In short, y-cruncher does not run efficiently on NUMA. While it scales reasonably well onto dual-socket, it all goes downhill after that. There have been numerous reports of non-scaling (and even backwards scaling) on quad-Opteron systems. And all of this is due to the NUMA.

 

To exacerbate the problem, OS's normally default to a "first-touch" policy for memory allocation. The problem is that y-cruncher allocates all its memory at the start of a computation with a single thread. With the first-touch policy, all the memory will be allocated (or heavily biased) on one NUMA mode. So during the computation, all the cores from all the NUMA nodes will be hammering that one node for memory access. The interconnect going in and out of that one node will be overwhelmed by the traffic which leads to terrible performance.

 

This can be solved by telling the either the OS or the BIOS to use an interleaved allocation policy that spreads out the memory across all the nodes. This balances the interconnect traffic and leads to a significant performance on modern dual and quad-socket systems. But ultimately, this doesn't actually solve the problem of NUMA since the memory accesses (which are now randomized) will still be hitting remote nodes over the interconnect.

 

To be efficient, the program needs to be aware of the NUMA and needs to be designed specifically for it. This is a fairly difficult task which is made worse by the unlimited combinations of NUMA topologies.
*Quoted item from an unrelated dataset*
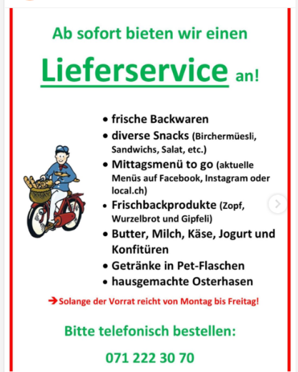 Toll, dass bereits einige Betriebe Lieferdienste und weitere Hilfestellungen eingeführt haben. Dies ist der richtige Weg, auch wenn dies lediglich einen Bruchteil wettmacht. Und genauso wichtig ist es, Ihre Kunden über diese Massnahmen zu informieren. Wir haben Tipps zusammengestellt, was Sie nebst der Kommunikation vor dem Geschäft noch tun können und teilen Ihre Beiträge gerne über unsere sozialen Medien. Vielleicht inspiriert Sie auch ein Branchenkollege.
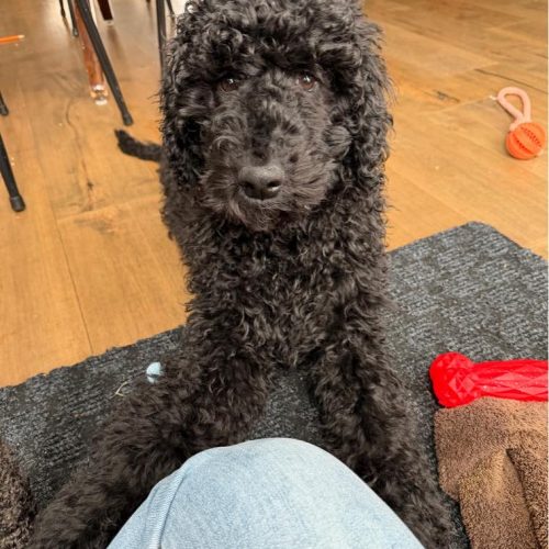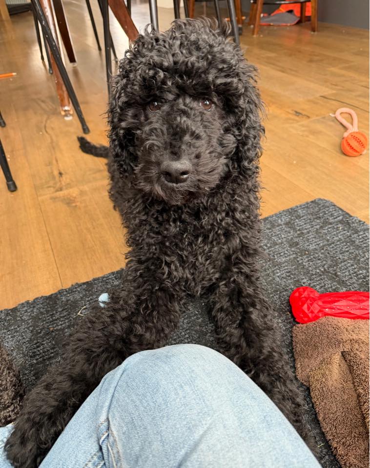 Guinness is a 4-month-old Standard Poodle with a soft heart and a bright mind. Like many puppies who missed some early socialization, he’s still learning that the world is a safe and exciting place — but with patience and kindness, he blossoms beautifully.

Long story short, making y-cruncher NUMA aware will require changing the way that memory is fundamentally stored and managed. This means that it will need to be done as a new "mode" much like how "Ram Only" and "Swap Mode" have completely different data storage formats.

 

 

Currently, the most promising solution is to generalize the functionality of swap mode in the following ways:

  1. Instead of using a disk array, replace it with a "far memory" interface which can be anything from disk to interleaved NUMA or even cloud storage.
  2. Leverage the swap mode algorithms for minimizing disk access to minimize access to far memory.
  3. Duplicate shared resources into each NUMA node to reduce interconnect thrashing.

 


GCD Factorization:

Many binary splitting recursions have a lot of common factors between the fraction numerators and denominators. Implement an optimization that seeks to remove these common factors so that the numbers are smaller in size.

 

GCD Factorization was first described here (now a dead link). Since then, there have been subsequent publications that describe the method:

The general idea of the optimization is to keep the prime factorization of some of the recursion variables. Then use this factorization to obtain the GCD of the numerator and denominator terms. Obtaining this prime factorization is done using a sieve.

 

Current implementations of this optimization include GMP Pi Chudnovsky and TachusPi. And most literature reports a speedup of about 20 - 30% for Pi Chudnovsky.

 

In the context of y-cruncher, this optimization is applicable to the following constants/algorithms:

 

Current Problems:

 

Even though GCD factorization has been known for years, y-cruncher has yet to use it for a number of reasons:

  1. The naive approach to sieving the index terms will require to prohibitive amount of memory. This problem exists in GMP Pi Chudnovsky. Fabrice Bellard's TachusPi has a more efficient approach that does it using O( sqrt(N) ) memory - presumably using some sort of sieve segmentation. But he left few details on this approach.

  2. The data structure that is needed to perform the sieve and store the prime factorization is somewhat incompatible with y-cruncher's memory model.

  3. y-cruncher lacks the ability to efficiently perform integer divisions.

While (1) and (3) are certainly solvable, (2) is more difficult. All the ideas so far for attacking (2) are either complicated and fragile, or they require breaking out of the current memory model. For now, there's bigger fish to fry.